The Costive Case of Gilman D Gove

The Costive Case of Gilman D Gove

I was entering data on Acting Midshipman Gilman D. Gove for his stay at the US Naval Academy hospital from December eleventh through fourteenth in 1855, and there it was, another term that I needed to look up. Though I had a sense what it might mean from a root word with which I was familiar, I was puzzled as to what medical connotation it might carry. The word was “costiveness.” Its root word “costive” had conveyed a sense to me that something was being held back, as in that someone who was costive, was not speaking, was holding back his opinion.

I was surprised to learn that its first meaning was the medical condition – constipation, and the secondary meanings were what I thought were its first. (And it also shed some new light on my original understanding). The word constipation had been used in every case up to this one, and why the records keeper for the case of Midshipman Gove chose to use the word “costiveness” remains a mystery to me. Perhaps it was a different record keeper than whoever kept the former entries and it was his vocabulary of choice.

There are some unsettled facts about Gilman. I found a birth record from the state of New Hampshire that states he was born on May 12, 1837 in Kensington (the town in which his grandparents lived and from which there are many Goves). Yet the naval academy records, the 1870 and 1880 Federal censuses, and the government hospitals in which he was a patient, all list Louisiana as his birth state. Indeed, they were transplants to that area from New England. His father, Asa Dearborn Gove had moved the family from his wife’s home in Boston, Massachusetts to New Orleans, Louisiana in 1832. In Boston he had been in the fruit business with his brother Amos. He continued in that line in their new home, trading in fruit around the Caribbean. So, though Louisiana would seem the most likely birthplace for him, Kensington can not be ruled out.

Some time in the 1850s his father moved the family and business to New York, and it is from that state that Gilman was appointed to the Naval Academy in 1852. Gilman graduated from the academy in 1856 and served only two years before resigning in 1858.  I do not know the reason for his resignation. His father passed away in 1860, so he might have resigned to help an ailing parent. Asa had sold the business in New York and bought a farm in Windsor, Illinois. Gilman’s name does appear on the 1860 probate papers as administrator.

With the coming of the Civil War, Gilman entered the navy once again. He traveled to the nearby town of Neoga, Illinois in March 1862 and enlisted in the volunteer navy. He served as an Acting Ensign in the Mississippi Squadron, on at least two gunboats, the USS Black-Hawk and the USS Benton. He was serving on the later when he again resigned in February 1863. Again I do not know the reason for the resignation.

He most likely returned to Illinois.
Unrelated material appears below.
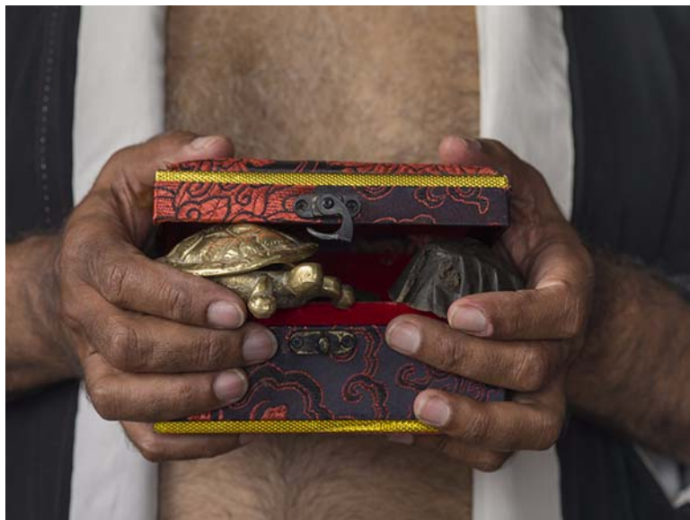
LUCKY DIP 2017 Fujiflex digital print, edition 15 33 × 45 cm $1,100 (unframed)

The IRS records for 1865 list him with his brother Howard in Charleston, Illinois, which put them close to their mother in Windsor. The 1870 census places their mother in Kansas City, Missouri, living with her daughter’s family.  The boys are also listed in this residence and working as clerks for their brother-in-law. Their sister’s husband, William Beecher Stone owned an agricultural warehouse which dealt in farm implements. The next census (1880) indicates that Gilman and Howard followed  Mr. Stone to Galena, Kansas. A huge lead strike was discovered in Galena in 1877, setting off a rush, and Stone got in on the ground floor. Gilman is listed as a clerk in the district court, and living with Howard’s family. Howard was working in Stone’s lead mining company, and within a few years Gilman was also.
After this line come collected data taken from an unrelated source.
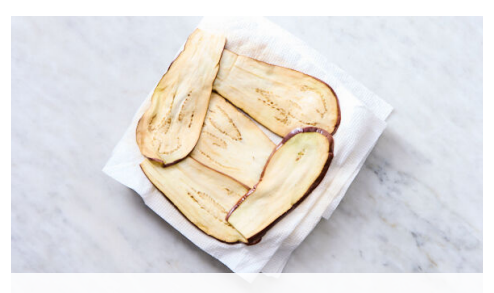
2. Prep eggplant

Preheat oven to 400°F with a rack in the upper third. Trim top of eggplant to remove stem. Thinly slice lengthwise into ½ -½-inch slices, discarding end slices (should yield about 10 slices total).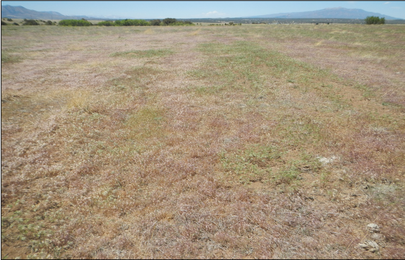
Photo 5. Facing northwest at the Big Pit area. This area consists predominately of undesirable weeds (Cheat grass).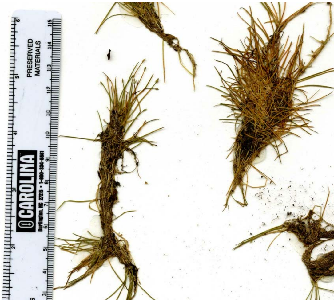
Herbarium specimen of Eleocharis radicans .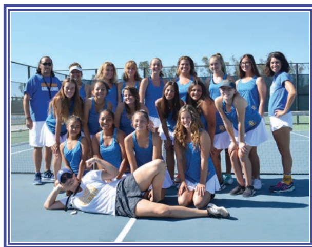
Girls Junior Varsity Team 2018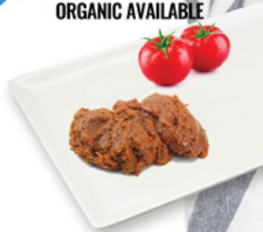
Roasted Tomato Dip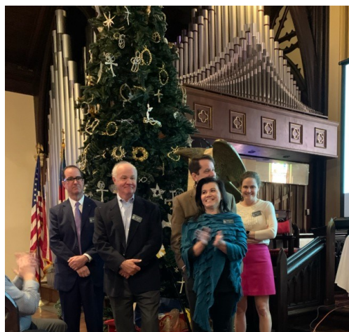
Outgoing Vestry members being recognized at the Annual Parish Meeting.

CLICK HERE FOR THE NOVEMBER VESTRY MINUTES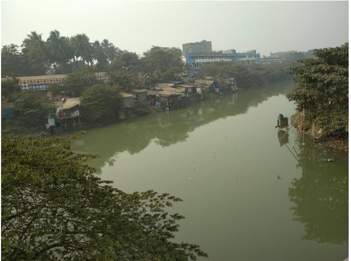
Figure 3.2. A glimpse of the Round Canal from the Ragbazar area where a dense spread of dwellings can be seen on the slope of the canal.

passes the Kuldanga rail bridge (a rail bridge over a railway line of the Calcutta Suburban Railway network passing over the canal) trucks and buses can be seen parked by the sides. Further down, there is a pay and use toilet which has been recently installed, an important marker of the landscape of khalpar . Shanties begin to appear behind piles of rags. Big packed sacks can be seen next to heaps of debris. The sacks contain material that are packed after being sorted, which will be sold at nearby shops within the next few days for recycling.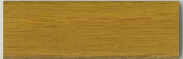
Meranti 322-2 | Meranti 322-2

In December 1891, Gilman was diagnosed with nervous prostration, and admitted to the Government hospital in Leavenworth Kansas on 5/5/1892. He was discharged after a four year stay, but only to be transferred to the Government Insane Asylum in D. C., where he died two months later; the cause – general paralysis and insane with dementia. Was lead responsible? Another unanswered question.
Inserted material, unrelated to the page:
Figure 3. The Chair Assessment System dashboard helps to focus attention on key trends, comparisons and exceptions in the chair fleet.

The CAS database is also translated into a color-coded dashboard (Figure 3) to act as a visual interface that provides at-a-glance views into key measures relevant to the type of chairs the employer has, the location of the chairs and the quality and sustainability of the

So, this is my summation of the life of Gilman D. Gove, full of facts and connections but with some dangling questions, big and small. Nowhere in all these records did I find his middle name recorded. Two family names are possible candidates: Dearborn (his father’s middle name) or Donnell (his mother’s middle name).

As they say, “The answer is out there.” Somewhere in the costive universe there are answers to all these little questions about Gilman D. Gove.